Surrounded by the snowcapped Rocky Mountains and home to numerous oil, gas, and mining companies, Denver proved a fitting site for the American Chemical Society national meeting and exposition, which spotlighted the “Chemistry of Natural Resources” from March 22–26.
Inspired by the area’s rugged landscape, some attendees challenged themselves on an indoor rock-climbing wall set up by the ACS Publications Division in the Colorado Convention Center’s expo hall.
In keeping with the meeting’s theme, three plenary lectures covered topics including the role of gas hydrates in energy transportation and storage; the impediments to producing advanced biofuels; and the challenges of supplying clean, safe water now and into the future.
Other national meeting highlights included The Kavli Foundation lectures presented by Theodore Betley, a professor of chemistry and chemical biology at Harvard University, and by Laura L. Kiessling, a professor of chemistry and biochemistry and director of the Keck Center for Chemical Genomics at the University of Wisconsin, Madison.
In a reflection of the still-difficult job outlook for chemists, the on-site ACS Career Fair hosted 27 employers and 715 job seekers, who had access to 85 available positions. The online Virtual Career Fair attracted six employers and 918 job seekers, who were vying for 38 job openings.
In all, nearly 14,000 chemists and other visitors attended the meeting in Denver. More than 10,000 scientific papers were presented.
ACS Central Science—the society’s new open access, multidisciplinary journal—unveiled its first issue at the meeting. “Our vision for the journal is to showcase the centrality of chemistry,” said founding editor Carolyn R. Bertozzi, a professor of chemistry and molecular and cell biology at the University of California, Berkeley. “We are particularly excited to be the first fully open access journal at ACS, meaning we can reach the broadest audience possible.”
Also at the meeting, the ACS Board of Directors recognized the Organisation for the Prohibition of Chemical Weapons for its efforts in promoting the peaceful use of chemistry.
During the ACS Council meeting, candidates were chosen to run for major society offices this fall. Councilors selected two candidates for 2016 ACS president-elect: G. Bryan Balazs, an associate program leader at Lawrence Livermore National Laboratory, and Allison A. Campbell, associate laboratory director of Pacific Northwest National Laboratory’s Environmental Molecular Sciences Laboratory.
In addition, the council discussed the financial aspects of the society’s national meeting technical sessions and exposition, and provided advice on how to manage resources needed to support those activities.
The council voted to approve a $4.00 increase in ACS dues to $162 for 2016. It also approved establishment of ACS International Chemical Sciences Chapters in India and Taiwan.
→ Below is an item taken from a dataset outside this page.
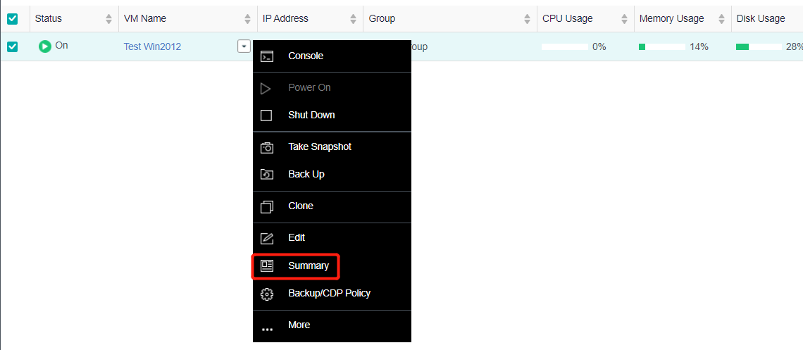 Check the virtual machine's CPU, Memory, and Disk capacity utilization on the Summary page.

The Committee on Budget & Finance reported on the society’s 2014 financial performance at the council meeting. Revenues totaled $499.0 million, and net contribution from operations reached $17.9 million, $4.2 million more than had been budgeted. The strong showing resulted from favorable performances from ACS information services and investments, as well as continued emphasis on expense management across the society.
Despite these favorable operating results, the society’s financial position weakened in 2014, with unrestricted net assets declining $62.3 million, to $144.7 million at year-end. This decline was the result of a significant accounting charge related to the society’s two closed postretirement benefit plans.